Злодей протащил меня через скверик и с разбегу зашвырнул в открытую дверь автомобиля. Будь противоположная дверь тоже распахнута, я бы просвистела по скользкому сиденью насквозь и вывалилась на дорогу с другой стороны, но та дверца была закрыта. Я въехала в нее головой, машинально посетовала, что прическа моя теперь испорчена так же, как кофточка, а в следующий момент почувствовала жуткую боль: этот гад уселся мне на ноги! И тут же улегся! Еще поворочался, словно стараясь устроиться поудобнее!
«Как татарский хан на телах плененных русских витязей!» — внутренний голос вспомнил исторический прецедент, зафиксированный в летописях.
— Хочешь еще пожить — лежи тихо! — дохнул мне в ухо последователь татарского хана.
Хлопнула дверца, потом еще одна. Водительское сиденье скрипнуло, принимая в себя другого оккупанта. Негромко заурчал мотор, машина тронулась, а этот гад, придавивший меня, как злая кошка бедную мышку, противно хихикнул:
— Тише едешь — дольше будешь!
— Остроумный, гад, — угрюмо пробурчал мой внутренний голос.
Кажется, впервые в жизни меня совершенно не обрадовало проявленное мужчиной чувство юмора.
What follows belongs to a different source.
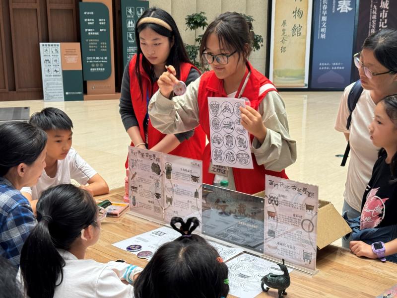 本次活动共设计了四个趣味体验项目:字有乾坤,带领参与者们领略汉字背后的文化密码,体验造字之趣;妙铸青铜,为大家揭秘青铜铸造工艺,打造生肖青铜印记;轮转千秋,通过车马模型及趣味演示,带大家探寻古代车马之技,感受掐丝工艺魅力;纹以载道,由器物纹饰入手解读器物纹饰背后的哲思,自制纹样徽章。
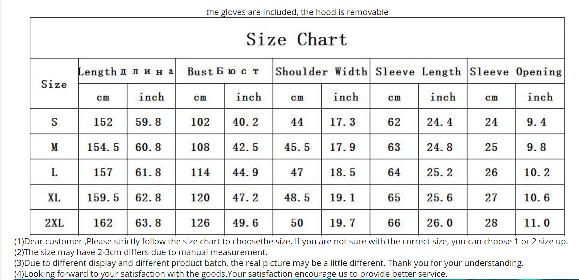 Garment Size Chart: Please carefully to choose your size

Мысль о том, что убивать меня будут весело, с шутками и прибаутками, на оптимистичный прогноз развития событий не тянула.
31
Инспектор Виккерс — уже не при исполнении — сидел в своем любимом кресле с потертой гобеленовой обивкой и неспешно попивал собственноручно приготовленный глинтвейн. Напиток получился в меру горячим, сдобренным специями не чересчур, а в самый раз. Было очень приятно потягивать ароматное вино, поглядывая в окно, за которым дождь и ветер уже соткали серые, как холстина, сумерки.
— Айн, цвай, драй! — взглянув на часы, скомандовал Руди, и фонари во дворе соседей послушно загорелись розовым.